Give the function a try

In [22]:
mydict = {}
count_words(mydict, ["that is a great great great leader","India has a great leader"])
mydict

{'that': 1, 'is': 1, 'a': 2, 'great': 4, 'leader': 2, 'India': 1, 'has': 1}

In [23]:
word_counts = {}
count_words(word_counts, clean_texts)
print("Size of Vocabulary:", len(word_counts))

Size of Vocabulary: 107606


In [24]:
#Let's see how many times "glass" occurs in the data
word_counts["glass"]

38745

Load Conceptnet Numberbatch's (CN) embeddings, similar to GloVe, but probably better
(https://github.com/commonsense/conceptnet-numberbatch)

In [25]:
embeddings_index = {}
with open('numberbatch-en.txt', encoding='utf-8') as f:
    for line in f:
        values = line.split(' ')
        word = values[0]
        embedding = np.asarray(values[1:], dtype='float32')
        embeddings_index[word] = embedding

print('Word embeddings:', len(embeddings_index))

Word embeddings: 417195


Take a look at the CN embedding dimension

In [26]:
embeddings_index["glass"].shape

(300,)

Find the number of words that are missing from CN, and are used more than our threshold.

I use a threshold of 20, so that words not in CN can be added to our word_embedding_matrix, but they need to be common enough in the reviews so that the model can understand their meaning.

In [27]:
missing_words = 0
threshold = 20

for word, count in word_counts.items():
    if count > threshold:
        if word not in embeddings_index:
            missing_words += 1
            
missing_ratio = round(missing_words/len(word_counts),4)*100
            
print("Number of words missing from CN:", missing_words)
print("Percent of words that are missing from vocabulary: {}%".format(missing_ratio))

Number of words missing from CN: 1948
Percent of words that are missing from vocabulary: 1.81%


What are those missing words in the CN

In [28]:
missing_words = []
for word, count in word_counts.items():
    if count > threshold and word not in embeddings_index:
        missing_words.append((word,count))
missing_words[:30]

[('outter', 193),
 ('doesnt', 4329),
 ('12', 4432),
 ('17', 1049),
 ('11', 2088),
 ('80', 1386),
 ('100', 10990),
 ('advertized', 126),
 ('woks', 39),
 ('waze', 252),
 ('sii', 262),
 ('microusb', 1145),
 ('excelente', 2964),
 ('calidad', 89),
 ('ningun', 21),
 ('gs2', 76),
 ('2013', 1303),
 ('chager', 29),
 ('13', 1675),
 ('samsungs', 188),
 ('sansung', 22),
 ('i9100', 39),
 ('htc', 8176),
 ('note3', 230),
 ('50', 4205),
 ('75', 1400),
 ('90', 1762),
 ('40', 2410),
 ('70', 1083),
 ('powerbear', 88)]

Looks mostly products' brand.

Words to indexes, indexes to words dicts

Limit the vocab that we will use to words that appear ≥ threshold or are in CN

In [29]:
#dictionary to convert words to integers
vocab_to_int = {} 
# Index words from 0
value = 0
for word, count in word_counts.items():
    if count >= threshold or word in embeddings_index:
        vocab_to_int[word] = value
        value += 1

# Special tokens that will be added to our vocab
codes = ["<UNK>","<PAD>","<EOS>","<GO>"]   

# Add codes to vocab
for code in codes:
    vocab_to_int[code] = len(vocab_to_int)
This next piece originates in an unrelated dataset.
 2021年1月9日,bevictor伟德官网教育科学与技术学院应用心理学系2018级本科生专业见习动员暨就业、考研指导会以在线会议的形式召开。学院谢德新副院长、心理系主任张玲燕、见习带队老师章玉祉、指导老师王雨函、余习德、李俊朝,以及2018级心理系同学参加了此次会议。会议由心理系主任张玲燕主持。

# Dictionary to convert integers to words
int_to_vocab = {}
for word, value in vocab_to_int.items():
    int_to_vocab[value] = word

usage_ratio = round(len(vocab_to_int) / len(word_counts),4)*100

print("Total number of unique words:", len(word_counts))
print("Number of words we will use:", len(vocab_to_int))
print("Percent of words we will use: {}%".format(usage_ratio))
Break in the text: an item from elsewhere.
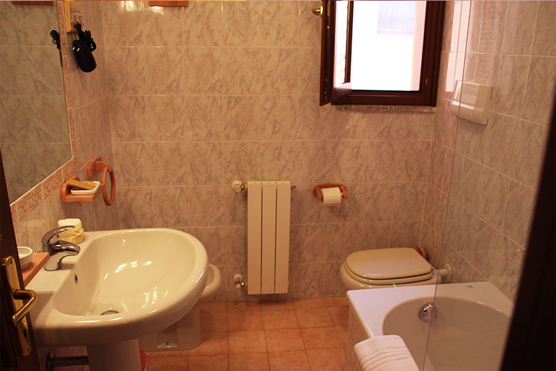 La Camera Standard comprende un letto matrimoniale, è finemente arredata e dotata di :  Tv, Wifi, Riscaldamento, Climatizzatore, MiniFrigo, Asciugacapelli, Cassaforte, Mensola, Fornitura di tutta la Biancheria  e un Uscita verso il giardino. Bagno privato con vasca.

Total number of unique words: 107606
Number of words we will use: 44966
Percent of words we will use: 41.79%


Create word embedding matrix
It has shape (nb_words, embedding_dim) i.e. (44966, 300) in this case. 1st dim is word index, 2nd dim is from CN or random generated.

In [30]:
# Need to use 300 for embedding dimensions to match CN's vectors.
embedding_dim = 300
nb_words = len(vocab_to_int)

# Create matrix with default values of zero
word_embedding_matrix = np.zeros((nb_words, embedding_dim), dtype=np.float32)
for word, i in vocab_to_int.items():
    if word in embeddings_index:
        word_embedding_matrix[i] = embeddings_index[word]
    else:
        # If word not in CN, create a random embedding for it
        new_embedding = np.array(np.random.uniform(-1.0, 1.0, embedding_dim))
        embeddings_index[word] = new_embedding
        word_embedding_matrix[i] = new_embedding

# Check if value matches len(vocab_to_int)
print(len(word_embedding_matrix))

44966



Function to convert sentences to sequence of words indexes

It also use <UNK> index to replace unknown words, append <EOS> (End of Sentence) to the sequences if eos is set True

In [31]:
def convert_to_ints(text, word_count, unk_count, eos=False):
    '''Convert words in text to an integer.
       If word is not in vocab_to_int, use UNK's integer.
       Total the number of words and UNKs.
       Add EOS token to the end of texts'''
    ints = []
    for sentence in text:
        sentence_ints = []
        for word in sentence.split():
            word_count += 1
            if word in vocab_to_int:
                sentence_ints.append(vocab_to_int[word])
            else:
                sentence_ints.append(vocab_to_int["<UNK>"])
                unk_count += 1
        if eos:
            sentence_ints.append(vocab_to_int["<EOS>"])
        ints.append(sentence_ints)
    return ints, word_count, unk_count

Apply convert_to_ints to clean_texts

In [32]:
word_count = 0
unk_count = 0

int_texts, word_count, unk_count = convert_to_ints(clean_texts, word_count, unk_count, eos=True)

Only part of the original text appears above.